Considering the massive amount of media attention the lack of black Oscar nominations is receiving, you would think the “Oscars So White” issue is the most consequential calamity facing black Americans since slavery.
It’s not. In fact, it’s far from that.
Certainly, social and economic anguish are not exclusive to any one ethnic group.
But below are seven devastating facts facing those black Americans who happen to not be the affluent entertainers currently bitching about not being validated by and receiving acceptance from a group of supposedly highbrow bigots.
1. By every economic measurement, black people are far worse off since President Obama took office.
A whopping 26.4 percent of black households receive food stamps assistance, despite the fact that black Americans constitute just 13 percent of the total population.
2. America’s most dangerous cities have high black populations and are overwhelmingly run by Democrats.
In 2014, America’s most crime-ridden cities were run almost exclusively by Democratic mayors. Cities like Oakland, Detroit, Cleveland, and Baltimore are routinely plagued with violent illegality, are heavily populated by black people, and are often Democratic Party monopolies.
3. After 50 years of celebrating MLK’s civil rights legacy, black people now commit a catastrophically high amount of crime.
So how is it then that there are five times fewer black people than white people in America and, yet, we consistently carry out a larger share of the crimes?
4. In part because of wanton criminality, black people remain over-represented in America’s prisons.
Roughly 1 in 9 black children you pass on the street has or has had a parent in prison, according to a recent study by Maryland-based research firm Child Trends. About 1 in 10 black men are currently behind bars.

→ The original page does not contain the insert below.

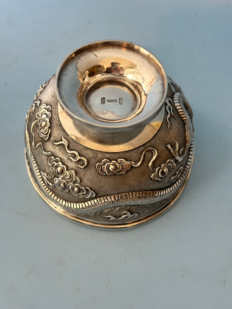 Chinese Silver Zeewo Footed Bowl. Dragon Chasing Flaming Pearl. 4 1/2" Diameter
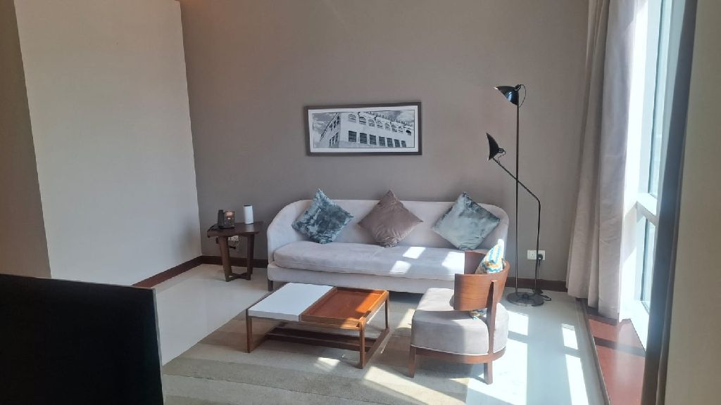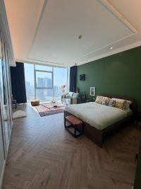 للإيجار: استوديو راقي في ضاحية السيف مقابل السيتي سنتر، برج سيف أفنيو. الخدمات تشمل جيم، مسبح، ساونا، استيم، وإنترنت. سعر الإيجار 360 دينار، مع رسوم كهرباء 15 دينار.

5. If you are a black child in America, there’s a 30 percent chance that you will grow up without a father in the home.
And if you are fatherless and black, you are almost guaranteed to grow up poor.
This horrific phenomenon of fatherless, black households is the root cause behind so much of the economic stagnation in which many black Americans remain mired. The smallest increase in black marriages would help produce an economic dynamism for black people that would dramatically increase a black child’s chances of success at all stages of life.
6. While there’s been marginal improvement in recent years, black people still overrepresent HIV/AIDs deaths and transmission.
The number of new cases of black women with HIV has dropped by 40 percent in recent years. But infection rates have seen a sharp increase among young gay men, especially blacks, according to the latest CDC figures. “Blacks account for more new HIV infections, people estimated to be living with HIV disease, and HIV-related deaths than any other racial/ethnic group in the U.S,” reports the Kaiser Family Foundation.
No one issue has brought more devastation to black Americans than abortion. Last August, I reported that pregnant-aged black women represent roughly 5 percent of the total U.S. population, but 35 percent of the abortions in 2010.
More from my August report:
Look again at the map above. Now consider the fact, according to the Centers for Disease Control data, that in 2010 “non-Hispanic white women and non-Hispanic black women accounted for the largest percentages of abortions (36.8% and 35.7%, respectively).”
Some math: Non-Hispanic white women account for about 38.5 percent of the population. I arrived at that number by cutting the number of all non-Hispanic whites in half. Using census and CDC data, that 38.5 percent of white women accounted for 36.8 percent of abortions in 2010.
Conversely, non-Hispanic black women make up about 6.6 percent of the population. That’s the black population divided by two. And, again, using census and CDC data, non-Hispanic black women accounted for 35.7 percent of the abortions performed in 2010.
Is that not a horrifically blatant disparity (especially considering less than that 6.6 percent consists of black women of actual childbearing age)?